Five SQL practice problems keep reappearing in interviews wearing different names, and each one hides the same mechanism: a window function that must count distinct values, not rows; a filter that changes an outer join's meaning depending on which clause it sits in; a self-join that silently multiplies rows; a conditional aggregate whose index story depends on how many distinct values a column has; and a query that works on one engine but breaks — or breaks on realistic data — on another. This page continues the SQL Practice Patterns I companion (NULL three-valued-logic traps, COUNT(*) vs COUNT(col) vs COUNT(DISTINCT), sargability rewrites, the missing-group INNER-vs-LEFT+COALESCE pattern) one level deeper into the judgment calls those problems actually test. It also leans on two sibling deep dives for the cost mechanics behind pattern 4: Query Execution — Selectivity, Cost Model, Join Algorithms, Spills & Sargability and Indexing & Storage — Fanout Arithmetic, Optimizer Stats, Composite/Skip Scans & NULL/OR Pitfalls.

1. Window-function ties: DENSE_RANK vs RANK vs ROW_NUMBER

Mechanism first: the three ranking functions only disagree when there is a tie, and they disagree in three different ways — ROW_NUMBER() pretends the tie never happened and hands out a unique integer to each row in whatever order the tiebreak falls; RANK() gives tied rows the same number but then skips ahead by the tie's size; DENSE_RANK() gives tied rows the same number and does not skip. Only DENSE_RANK()'s output answers the question "how many distinct values have I seen so far?" — which is exactly what "the Nth-highest salary" is asking.

Traced worked example

Employee salaries, ordered descending: 300, 200, 200, 100 — two employees tie at 200. Asking for the 3rd-highest distinct salary (the correct answer is 100):

salaryROW_NUMBER()RANK()DENSE_RANK()
300111
200222
200322
100443

Filter each result set for row/rank = 3: ROW_NUMBER returns the second 200 row — wrong, that value already had rank 2. RANK has no row numbered 3 at all — it jumped straight from 2 to 4 — so the query returns nothing. Only DENSE_RANK lands on 100, the actual 3rd distinct value.

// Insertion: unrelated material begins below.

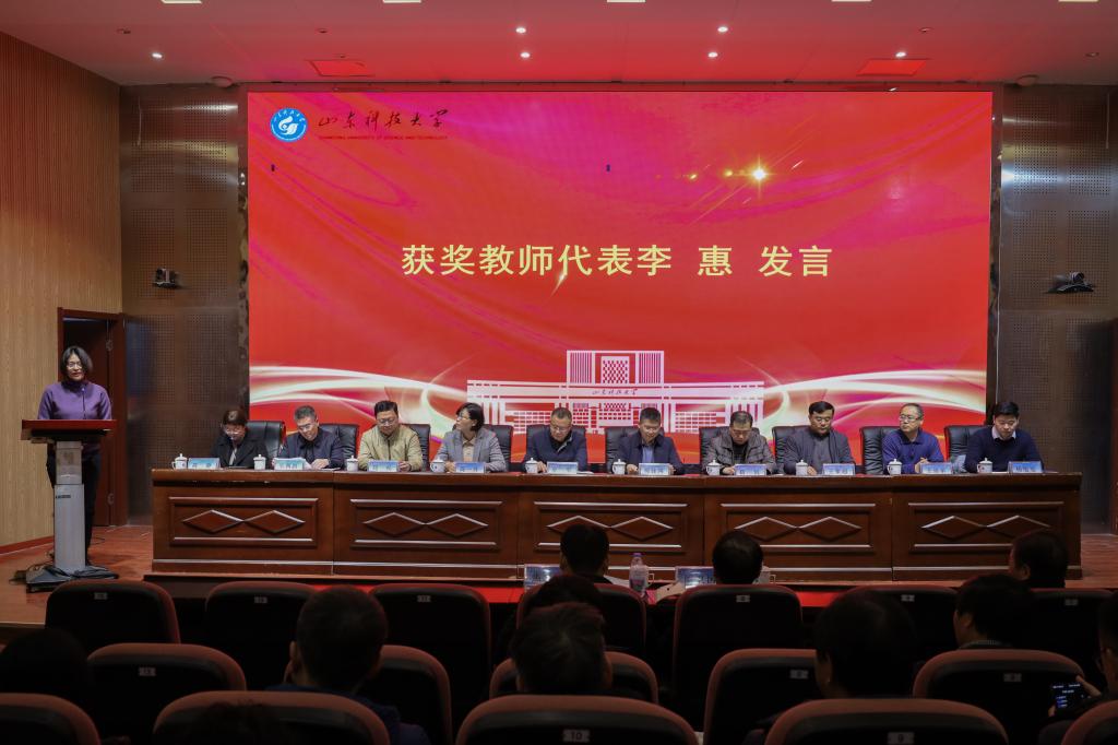 “日照市政奖教金”获得者、地下工程系教师李惠副教授在发言中对企业关心教育事业表示感谢,分享了自己从事教育工作的心得体会,表达了自己对教育的敬畏之心和对员工的热爱之情。获奖员工代表闫楚东在发言中对公司老师的辛勤培养和企业领导的关心鼓励表示衷心感谢,并承诺要坚定理想信念,勇担时代重任,常怀感恩之心,传承老一辈土建人踏实勤勉,坚韧不拔的精神,以实际行动践行“惟真求新”的校训。

Ranking-ties diagram: ROW_NUMBER, RANK and DENSE_RANK computed over 300, 200, 200, 100, showing that filtering for rank 3 gives the wrong row, no row, and the correct row respectively
Ranking-ties diagram: ROW_NUMBER, RANK and DENSE_RANK computed over 300, 200, 200, 100, showing that filtering for rank 3 gives the wrong row, no row, and the correct row respectively
-- General template: Nth-highest DISTINCT value via DENSE_RANK
SELECT salary
FROM (
    SELECT salary,
           DENSE_RANK() OVER (ORDER BY salary DESC) AS rnk
    FROM Employee
) ranked
WHERE rnk = 2;   -- swap 2 for N; wrap in SELECT (...) AS x to get NULL instead of no rows when N is out of range

Use ROW_NUMBER() only when you deliberately want "exactly one row, tie or not" (e.g. picking any one representative row per group). Use RANK() when the output should expose competition-style gaps (Olympic scoring: two golds means the next medal is bronze, not silver). Use DENSE_RANK() whenever the question is phrased around distinct values — "2nd highest salary," "3rd most recent distinct order date," "top-3 distinct price tiers."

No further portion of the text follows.